A number of recommendations could be acted upon immediately, without delay. For example, the registration of all personal care workers should have been done several years ago.

Morrison said he welcomed the royal commissioners having different views about how to fix the aged care sector, saying: “Aged care is complex … Life is complex.”

This is disingenuous, as both commissioners Tony Pagone and Lynelle Briggs were completely on the same page that the government had been the central problem in aged care for a very long time.

And while the Prime Minister described the report as “positive” about aged care, the Royal Commissioners’ report is, in fact, damning of government failures in aged care.

As the report states:

“There are two main problems with the governance of the aged care system – that successive governments have misunderstood and not fulfilled their responsibilities, and that the institutional structure is inadequate to ensure the delivery of high quality aged care.

At times in this inquiry, it has felt like the Government’s main consideration was what was the minimum commitment it could get away with, rather than what should be done
to sustain the aged care system so that it is enabled to deliver high quality and safe care. This must change. (P 46, Vol 1)

As to discussions about increasing the workforce, the Prime Minister said:

“We cannot just take people off the street and put them into people’s homes and ask them to start caring for people. That would be irresponsible.”

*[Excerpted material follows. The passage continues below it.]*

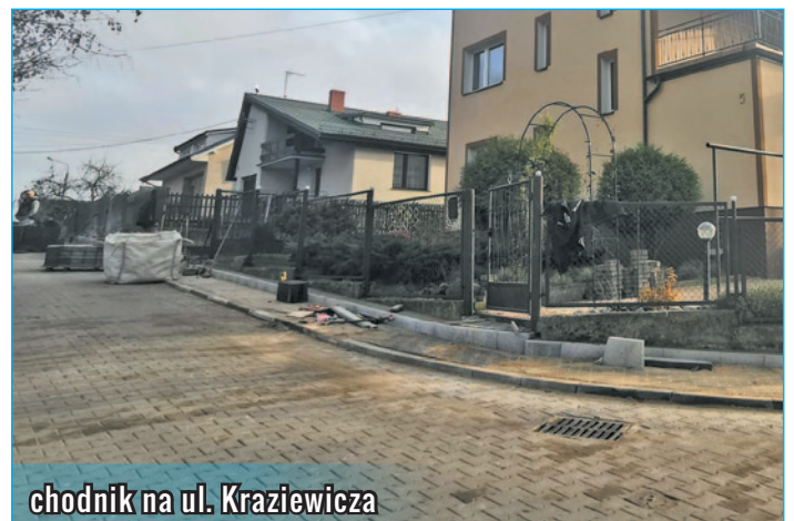
chodnik na ul. Kraziewiczza

Miejski Ośrodek Pomocy Społecznej w Lidzbarku w ramach Ogólnopolskiej Kampanii „Biała Wstążka” otwiera swe drzwi 7 grudnia 2019 roku w godzinach od 10:00–12:00. W tych godzinach zaprasza wszystkich szukających pomocy i wsparcia na bezpłatne porady i konsultacje specjalistów – członków Miejskiego Zespołu Interdyscyplinarnego do spraw Przeciwdziałania Przemocy w Rodzinie, do których należą: członek Gminnej Komisji Rozwiązywania Problemów Alkoholowych, Przewodnicząca Miejskiego Zespołu Interdyscyplinarnego, pracownik socjalny, policjant, pedagog szkolny, terapeutka.

Yet that is precisely what is currently happening. A government initiative has put people who lost their jobs during the pandemic into aged care homes after just 10 hours of training.

 

What is it with this government and roadmaps?

Morrison also described the Royal Commission as setting out a “very important roadmap” that will establish generational change.

The most recent government aged care roadmap, Aged Care Roadmapwas written in 2017 straight from the providers point of view. The roadmap supported “a lighter touch approach to regulation”, which is one major reason the aged care sector is in such a mess. The roadmap focused on how to make the aged care system “market based” and consumer-driven.

The royal commissioners make it clear that the obsession of successive governments with neoliberalism is the root cause of the aged care crisis.

“The aged care system has suffered from sequential attempts by governments to define it as a market in its own right…

Unfortunately, these market-based reforms that redefine the people who use aged care as ‘consumers’ who ‘direct’ their own care by purchasing services from businesses in a ‘competitive market’ have resulted in more confusion than before and certainly have not improved quality or transparency.” (P 26, Vol1)

While Minister Hunt announced $450 million in immediate initiatives, with the Prime Minister noting there would “be more”, at no stage did he discuss introducing transparency or accountability for the $21 billion already given each year to the aged care sector.

Experienced ABC journalist Anne Connolly came to the media conference fully prepared with detailed, pertinent questions. But the Prime Minister was having none of it. After one too many searching questions, Morrison simply interrupted Connolly, saying:

“I’m the Prime Minister. This is my minister … I think I’ve answered your question. Thank you.”

And with that he, along with Health Minister Greg Hunt and Aged Care Minister Richard Colbeck turned their backs and walked away.